It’s a question many of us ask ourselves when we are out having an amazing day on the water. Can I earn a living out here rather than that carpet-lined cubicle that has sucked at my very soul like a demon leech? Well, you probably can, but it will take a little bit of doin’. Here are some thoughts that might shed some light on the prospect of sailing as a livelihood.
Of course we have to say this but it’s true – ASA certification and training is where it all begins. Find a local school that teaches sailing through the ASA method and start checking off the certifications. Once you accumulate the hours and the certs, you’ll begin to know if the reality lines up with the fantasy. Learn more about why ASA Certification is important 〉〉
Certified ASA Instructor
Once you have some solid knowledge, start hitting up the local schools and see if they need a 101 instructor. It’s quite common for schools to need a people-loving, sailing-loving person to show newbies the ropes… or “lines” as the case may be. Teaching at a small school is a great way to keep your hands on the stick and sailing everyday. Building on-water hours is key. Become An ASA Certified Instructor 〉〉
One thing about sailboats is they often need to be moved around and most owners don’t have the time to make that happen themselves, so delivery captains and crews are a necessity. Keep a look out for long-distance races and find out if anyone needs a hand bringing the boat back. Also folks who buy boats far away need people to bring the boat home. If you’re certified and have a good amount of hours under your belt, you’ll get a spot. It’s pretty cool – delivery crews get to see some exotic places and sometimes get to ride on some pretty nice boats. Granted, it’s very often an upwind beat with the iron genny chugging away, but it is a far cry from the aforementioned cubicle with ringing phones and stacked up email.
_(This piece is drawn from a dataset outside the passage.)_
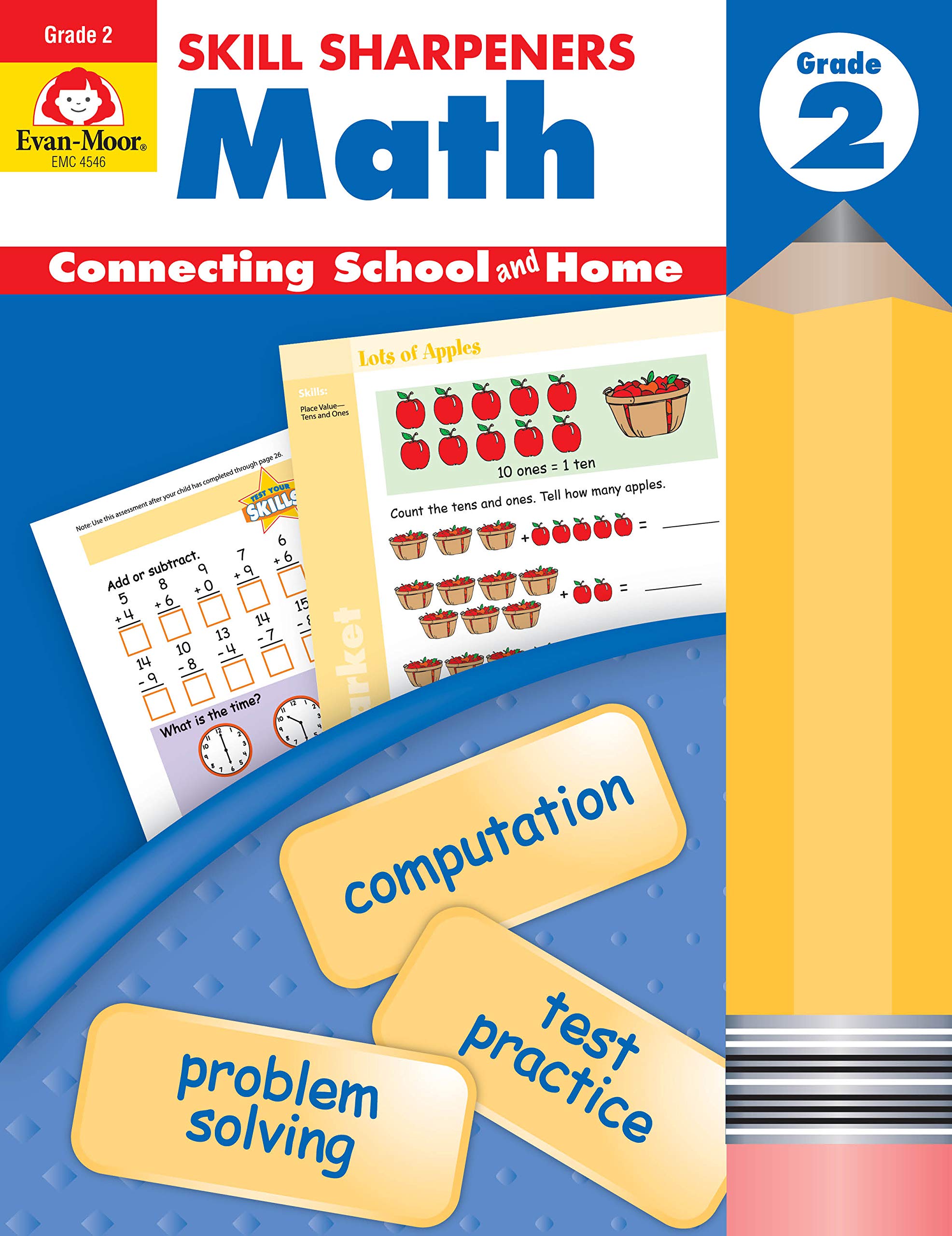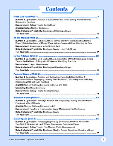 Common Core Top Pick for Math Measurement and Data Numbers and Operations in Base 10 Geometry Operations and Algebraic ThinkingView all Common Core Top Picks forMathSkill Sharpeners Math, Grade 2 provides practice for the following mathematics skills: read, write, and compare numbers to 1,000 addition and subtraction facts to 18 twodigit addition and subtraction with and without regrouping threedigit addition and subtraction without regrouping multiplication facts to 25 identify and continue patterns value of pennies, nickels, dimes, quarters, dollar bills solve word problems tell time to the hour and halfhour identify fractions1/2, 1/3, 1/4, 3/4, 2/3, 1/6, 1/8 read and create graphs measure to the nearest half inch geometrybasic shapes, symmetry, perimeter

Obtaining a Captain’s License
To open up your horizons to the fullest, getting a captain’s license is a must. It’s not easy, but once achieved there will be far greater opportunity and more money. Of course that money and opportunity comes with the price of infinitely more responsibility, but if you’re cool with that, you’ll have some choices. Depending on the level of captain’s license you end up with, you can do anything from running a little charter cat in the BVIs to skippering Larry Ellison’s private 150-foot ketch and all points in between.
This one is tough to be sure, but there are definitely some people that are out there making a living racing sailboats. These days, rich owners who want wins will pay to increase their odds. Gone are the days when top sailors like Gary Jobson would sail with the Ted Turners of the world for sandwiches and hotel rooms. Today, paid racers with proven track records are bouncing around, going boat to boat, trying to help the cause. Perhaps the crossover of boat manager/afterguard is more common, but just being a sailboat racer isn’t out of the question for the very talented.
Own a Business
Starting your own business might be one of the best ways to make a living sailing. Many a former instructor has taken the plunge and started up that sailing school biz and lived happily ever after. True, there is payroll, boat maintenance, scheduling and all of the tedious things that go along with owning any business, but you will be outside and you will definitely do some sailing. It takes a plan, commitment and guts to begin an enterprise, but that all comes a little easier when the prospect is built around a passion – we say, go for it!